▸ Records for processing:
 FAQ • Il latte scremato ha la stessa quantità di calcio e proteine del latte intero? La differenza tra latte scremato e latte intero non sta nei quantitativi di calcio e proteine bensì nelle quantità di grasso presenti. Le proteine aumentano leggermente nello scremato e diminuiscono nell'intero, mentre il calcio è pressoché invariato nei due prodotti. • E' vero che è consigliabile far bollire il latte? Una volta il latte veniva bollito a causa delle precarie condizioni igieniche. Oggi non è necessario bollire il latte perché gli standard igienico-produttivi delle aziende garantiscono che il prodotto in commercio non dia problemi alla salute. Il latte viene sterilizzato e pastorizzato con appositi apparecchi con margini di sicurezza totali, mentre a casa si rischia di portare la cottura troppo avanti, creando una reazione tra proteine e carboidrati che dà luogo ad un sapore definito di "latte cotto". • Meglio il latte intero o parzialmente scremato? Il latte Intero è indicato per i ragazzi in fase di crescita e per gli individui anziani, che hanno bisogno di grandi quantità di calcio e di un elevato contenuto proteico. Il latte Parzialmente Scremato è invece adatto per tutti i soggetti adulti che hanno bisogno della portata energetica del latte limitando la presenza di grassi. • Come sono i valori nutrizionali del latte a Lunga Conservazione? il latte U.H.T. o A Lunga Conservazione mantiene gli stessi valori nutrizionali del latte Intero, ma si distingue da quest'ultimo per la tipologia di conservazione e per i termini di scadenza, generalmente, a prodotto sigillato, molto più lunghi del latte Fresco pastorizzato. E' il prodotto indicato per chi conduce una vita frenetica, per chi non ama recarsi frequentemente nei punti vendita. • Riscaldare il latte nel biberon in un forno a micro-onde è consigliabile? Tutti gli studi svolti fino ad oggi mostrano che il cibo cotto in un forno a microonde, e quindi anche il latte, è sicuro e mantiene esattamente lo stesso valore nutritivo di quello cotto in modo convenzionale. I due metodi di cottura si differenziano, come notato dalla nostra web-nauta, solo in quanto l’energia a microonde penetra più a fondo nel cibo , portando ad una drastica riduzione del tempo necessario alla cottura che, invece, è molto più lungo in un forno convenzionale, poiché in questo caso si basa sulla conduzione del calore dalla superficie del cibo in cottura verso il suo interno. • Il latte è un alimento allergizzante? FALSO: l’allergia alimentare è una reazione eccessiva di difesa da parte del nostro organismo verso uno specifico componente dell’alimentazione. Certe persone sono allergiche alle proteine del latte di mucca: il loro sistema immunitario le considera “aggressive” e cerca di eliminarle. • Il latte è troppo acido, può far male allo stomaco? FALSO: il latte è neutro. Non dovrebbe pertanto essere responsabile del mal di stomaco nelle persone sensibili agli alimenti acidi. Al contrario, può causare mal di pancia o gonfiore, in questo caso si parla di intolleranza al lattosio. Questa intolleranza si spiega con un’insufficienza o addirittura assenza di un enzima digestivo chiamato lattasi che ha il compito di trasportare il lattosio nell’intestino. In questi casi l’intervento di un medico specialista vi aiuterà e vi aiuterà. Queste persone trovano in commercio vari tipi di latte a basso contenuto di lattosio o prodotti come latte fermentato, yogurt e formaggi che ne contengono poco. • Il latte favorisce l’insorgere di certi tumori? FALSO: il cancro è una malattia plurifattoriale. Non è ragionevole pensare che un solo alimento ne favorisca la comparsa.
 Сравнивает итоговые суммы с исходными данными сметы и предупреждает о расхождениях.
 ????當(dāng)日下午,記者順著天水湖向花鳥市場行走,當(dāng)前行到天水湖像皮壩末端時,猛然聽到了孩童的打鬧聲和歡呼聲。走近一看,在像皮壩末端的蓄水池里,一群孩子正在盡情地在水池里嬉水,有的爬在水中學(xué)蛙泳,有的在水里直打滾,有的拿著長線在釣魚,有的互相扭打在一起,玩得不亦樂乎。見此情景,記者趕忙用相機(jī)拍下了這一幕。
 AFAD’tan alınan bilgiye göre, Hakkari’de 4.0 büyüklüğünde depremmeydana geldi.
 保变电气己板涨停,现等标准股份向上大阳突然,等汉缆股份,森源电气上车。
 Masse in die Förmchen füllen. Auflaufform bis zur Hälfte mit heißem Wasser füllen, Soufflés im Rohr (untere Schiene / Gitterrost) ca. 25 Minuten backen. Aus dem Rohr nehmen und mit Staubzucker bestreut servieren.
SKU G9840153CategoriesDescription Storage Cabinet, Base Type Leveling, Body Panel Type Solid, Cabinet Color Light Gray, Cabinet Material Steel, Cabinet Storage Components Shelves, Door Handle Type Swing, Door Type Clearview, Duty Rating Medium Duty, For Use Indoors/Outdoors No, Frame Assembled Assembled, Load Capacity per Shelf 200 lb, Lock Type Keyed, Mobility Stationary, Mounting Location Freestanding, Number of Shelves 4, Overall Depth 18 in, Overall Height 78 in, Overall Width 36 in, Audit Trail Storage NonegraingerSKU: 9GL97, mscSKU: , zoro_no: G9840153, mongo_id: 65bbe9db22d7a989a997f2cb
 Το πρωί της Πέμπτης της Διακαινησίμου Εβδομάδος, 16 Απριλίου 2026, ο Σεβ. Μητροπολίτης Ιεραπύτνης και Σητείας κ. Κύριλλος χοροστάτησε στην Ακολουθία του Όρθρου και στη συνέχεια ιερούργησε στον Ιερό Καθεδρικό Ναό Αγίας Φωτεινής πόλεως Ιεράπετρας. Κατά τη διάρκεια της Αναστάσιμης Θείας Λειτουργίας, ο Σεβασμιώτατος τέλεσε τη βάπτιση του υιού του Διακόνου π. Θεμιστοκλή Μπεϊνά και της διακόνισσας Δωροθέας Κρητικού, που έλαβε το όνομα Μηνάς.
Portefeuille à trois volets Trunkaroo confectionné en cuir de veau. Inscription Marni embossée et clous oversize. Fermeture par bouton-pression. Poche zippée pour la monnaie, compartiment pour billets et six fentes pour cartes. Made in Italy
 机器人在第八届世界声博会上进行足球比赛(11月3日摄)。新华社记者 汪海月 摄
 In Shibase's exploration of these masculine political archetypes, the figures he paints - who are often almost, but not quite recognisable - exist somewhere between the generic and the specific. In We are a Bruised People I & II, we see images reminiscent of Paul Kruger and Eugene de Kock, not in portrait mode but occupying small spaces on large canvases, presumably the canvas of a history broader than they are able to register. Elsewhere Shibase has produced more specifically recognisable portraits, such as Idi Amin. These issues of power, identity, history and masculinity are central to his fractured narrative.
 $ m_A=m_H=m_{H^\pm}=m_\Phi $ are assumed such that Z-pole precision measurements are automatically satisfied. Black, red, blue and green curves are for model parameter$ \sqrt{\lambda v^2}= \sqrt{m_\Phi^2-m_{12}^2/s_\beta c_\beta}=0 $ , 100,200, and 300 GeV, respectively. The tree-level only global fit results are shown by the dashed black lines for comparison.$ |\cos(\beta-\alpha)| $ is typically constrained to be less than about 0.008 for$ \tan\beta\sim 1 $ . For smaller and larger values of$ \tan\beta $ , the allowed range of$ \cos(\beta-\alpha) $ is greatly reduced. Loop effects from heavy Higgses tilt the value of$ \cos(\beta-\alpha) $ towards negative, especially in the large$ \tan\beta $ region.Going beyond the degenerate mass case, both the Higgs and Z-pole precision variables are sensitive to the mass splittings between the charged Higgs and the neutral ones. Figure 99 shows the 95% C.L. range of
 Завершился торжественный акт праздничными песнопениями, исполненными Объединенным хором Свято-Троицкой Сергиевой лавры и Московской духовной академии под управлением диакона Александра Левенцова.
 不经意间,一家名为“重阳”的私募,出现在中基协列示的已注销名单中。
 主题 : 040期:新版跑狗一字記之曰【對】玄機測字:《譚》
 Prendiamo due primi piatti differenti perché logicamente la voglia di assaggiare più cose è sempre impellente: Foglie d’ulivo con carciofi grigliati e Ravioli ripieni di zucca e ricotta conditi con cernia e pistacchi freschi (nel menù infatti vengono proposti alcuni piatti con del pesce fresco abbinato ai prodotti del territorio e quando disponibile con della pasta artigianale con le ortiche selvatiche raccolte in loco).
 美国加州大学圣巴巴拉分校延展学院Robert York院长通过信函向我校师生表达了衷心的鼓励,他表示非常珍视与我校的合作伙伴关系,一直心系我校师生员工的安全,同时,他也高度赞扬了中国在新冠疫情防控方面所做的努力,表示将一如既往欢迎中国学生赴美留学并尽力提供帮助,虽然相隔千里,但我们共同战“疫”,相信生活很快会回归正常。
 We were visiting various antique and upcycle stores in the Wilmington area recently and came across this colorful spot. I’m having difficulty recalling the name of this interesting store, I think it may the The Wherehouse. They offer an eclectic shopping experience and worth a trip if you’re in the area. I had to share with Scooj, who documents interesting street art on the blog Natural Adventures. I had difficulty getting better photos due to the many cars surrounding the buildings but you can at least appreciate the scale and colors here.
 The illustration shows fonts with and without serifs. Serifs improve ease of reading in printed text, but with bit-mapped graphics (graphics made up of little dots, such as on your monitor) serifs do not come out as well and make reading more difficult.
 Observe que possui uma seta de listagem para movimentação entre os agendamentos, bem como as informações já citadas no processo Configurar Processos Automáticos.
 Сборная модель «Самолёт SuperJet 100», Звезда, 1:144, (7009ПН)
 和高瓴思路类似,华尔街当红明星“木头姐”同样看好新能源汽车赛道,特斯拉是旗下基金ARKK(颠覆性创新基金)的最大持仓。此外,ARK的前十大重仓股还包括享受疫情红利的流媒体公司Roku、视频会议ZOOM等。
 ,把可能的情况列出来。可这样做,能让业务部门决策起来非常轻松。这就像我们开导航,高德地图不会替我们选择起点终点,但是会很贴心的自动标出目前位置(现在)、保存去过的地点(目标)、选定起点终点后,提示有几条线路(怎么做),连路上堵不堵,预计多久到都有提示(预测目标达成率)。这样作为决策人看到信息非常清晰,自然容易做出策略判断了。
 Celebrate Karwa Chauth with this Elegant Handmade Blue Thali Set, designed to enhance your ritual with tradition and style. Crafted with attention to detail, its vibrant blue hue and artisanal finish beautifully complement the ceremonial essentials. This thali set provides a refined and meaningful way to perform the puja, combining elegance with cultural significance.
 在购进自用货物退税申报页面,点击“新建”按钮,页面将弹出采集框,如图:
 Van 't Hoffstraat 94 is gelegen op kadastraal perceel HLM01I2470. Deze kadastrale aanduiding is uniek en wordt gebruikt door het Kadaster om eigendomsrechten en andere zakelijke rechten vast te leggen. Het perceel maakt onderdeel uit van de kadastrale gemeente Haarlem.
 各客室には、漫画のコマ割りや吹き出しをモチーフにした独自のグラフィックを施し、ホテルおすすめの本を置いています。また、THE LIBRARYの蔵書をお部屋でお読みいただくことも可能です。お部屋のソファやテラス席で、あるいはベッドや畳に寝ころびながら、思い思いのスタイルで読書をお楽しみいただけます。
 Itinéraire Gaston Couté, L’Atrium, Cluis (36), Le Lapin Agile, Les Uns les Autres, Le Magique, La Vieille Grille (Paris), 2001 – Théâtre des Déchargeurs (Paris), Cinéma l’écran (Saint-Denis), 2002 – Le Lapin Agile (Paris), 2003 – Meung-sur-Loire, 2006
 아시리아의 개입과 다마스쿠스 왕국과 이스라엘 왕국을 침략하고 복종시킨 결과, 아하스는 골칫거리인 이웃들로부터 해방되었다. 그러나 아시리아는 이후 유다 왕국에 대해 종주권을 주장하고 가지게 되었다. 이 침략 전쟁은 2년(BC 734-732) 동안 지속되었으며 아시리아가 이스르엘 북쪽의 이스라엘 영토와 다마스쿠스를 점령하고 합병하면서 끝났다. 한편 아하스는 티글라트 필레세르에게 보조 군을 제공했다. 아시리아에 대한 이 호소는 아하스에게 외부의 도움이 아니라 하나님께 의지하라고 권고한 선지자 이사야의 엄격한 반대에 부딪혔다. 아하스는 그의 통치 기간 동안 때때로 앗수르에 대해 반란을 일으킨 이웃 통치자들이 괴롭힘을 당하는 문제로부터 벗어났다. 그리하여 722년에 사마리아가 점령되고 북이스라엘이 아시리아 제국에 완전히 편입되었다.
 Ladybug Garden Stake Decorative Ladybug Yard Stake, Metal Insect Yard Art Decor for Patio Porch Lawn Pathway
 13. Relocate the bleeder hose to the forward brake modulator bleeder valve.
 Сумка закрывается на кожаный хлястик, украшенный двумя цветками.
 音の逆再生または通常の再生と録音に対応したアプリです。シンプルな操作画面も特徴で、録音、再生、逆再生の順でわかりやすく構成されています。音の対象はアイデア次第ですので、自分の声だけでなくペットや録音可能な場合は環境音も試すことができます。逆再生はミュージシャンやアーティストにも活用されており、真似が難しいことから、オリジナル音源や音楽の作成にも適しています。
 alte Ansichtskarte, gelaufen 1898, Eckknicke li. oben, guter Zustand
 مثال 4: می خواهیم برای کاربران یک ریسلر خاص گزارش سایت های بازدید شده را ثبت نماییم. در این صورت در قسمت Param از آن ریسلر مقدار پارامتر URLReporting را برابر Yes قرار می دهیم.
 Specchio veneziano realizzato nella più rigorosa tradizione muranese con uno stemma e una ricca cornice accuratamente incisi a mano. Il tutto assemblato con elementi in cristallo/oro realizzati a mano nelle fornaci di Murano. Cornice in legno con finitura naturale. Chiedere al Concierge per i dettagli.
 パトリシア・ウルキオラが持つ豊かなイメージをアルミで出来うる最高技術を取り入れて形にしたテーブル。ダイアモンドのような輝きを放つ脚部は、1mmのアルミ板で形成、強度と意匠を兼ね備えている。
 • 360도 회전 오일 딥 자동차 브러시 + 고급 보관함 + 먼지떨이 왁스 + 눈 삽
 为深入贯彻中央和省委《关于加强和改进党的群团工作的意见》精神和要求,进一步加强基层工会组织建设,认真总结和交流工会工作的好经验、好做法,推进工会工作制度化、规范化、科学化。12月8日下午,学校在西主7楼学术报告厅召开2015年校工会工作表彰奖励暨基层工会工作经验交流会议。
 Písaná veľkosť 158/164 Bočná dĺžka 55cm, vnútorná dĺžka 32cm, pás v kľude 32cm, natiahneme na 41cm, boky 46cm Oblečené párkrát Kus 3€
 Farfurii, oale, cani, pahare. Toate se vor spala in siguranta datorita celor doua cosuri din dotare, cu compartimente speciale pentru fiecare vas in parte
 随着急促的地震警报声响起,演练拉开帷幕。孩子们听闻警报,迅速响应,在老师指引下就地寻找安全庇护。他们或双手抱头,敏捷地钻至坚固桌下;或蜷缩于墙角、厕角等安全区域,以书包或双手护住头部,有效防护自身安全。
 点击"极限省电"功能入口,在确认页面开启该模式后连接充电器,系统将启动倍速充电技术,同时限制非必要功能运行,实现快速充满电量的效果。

▸ Problem requirements: Would you please return all lines of the data that include the word "this"?

▸ Output:
 We were visiting various antique and upcycle stores in the Wilmington area recently and came across this colorful spot. I’m having difficulty recalling the name of this interesting store, I think it may the The Wherehouse. They offer an eclectic shopping experience and worth a trip if you’re in the area. I had to share with Scooj, who documents interesting street art on the blog Natural Adventures. I had difficulty getting better photos due to the many cars surrounding the buildings but you can at least appreciate the scale and colors here.
 Celebrate Karwa Chauth with this Elegant Handmade Blue Thali Set, designed to enhance your ritual with tradition and style. Crafted with attention to detail, its vibrant blue hue and artisanal finish beautifully complement the ceremonial essentials. This thali set provides a refined and meaningful way to perform the puja, combining elegance with cultural significance.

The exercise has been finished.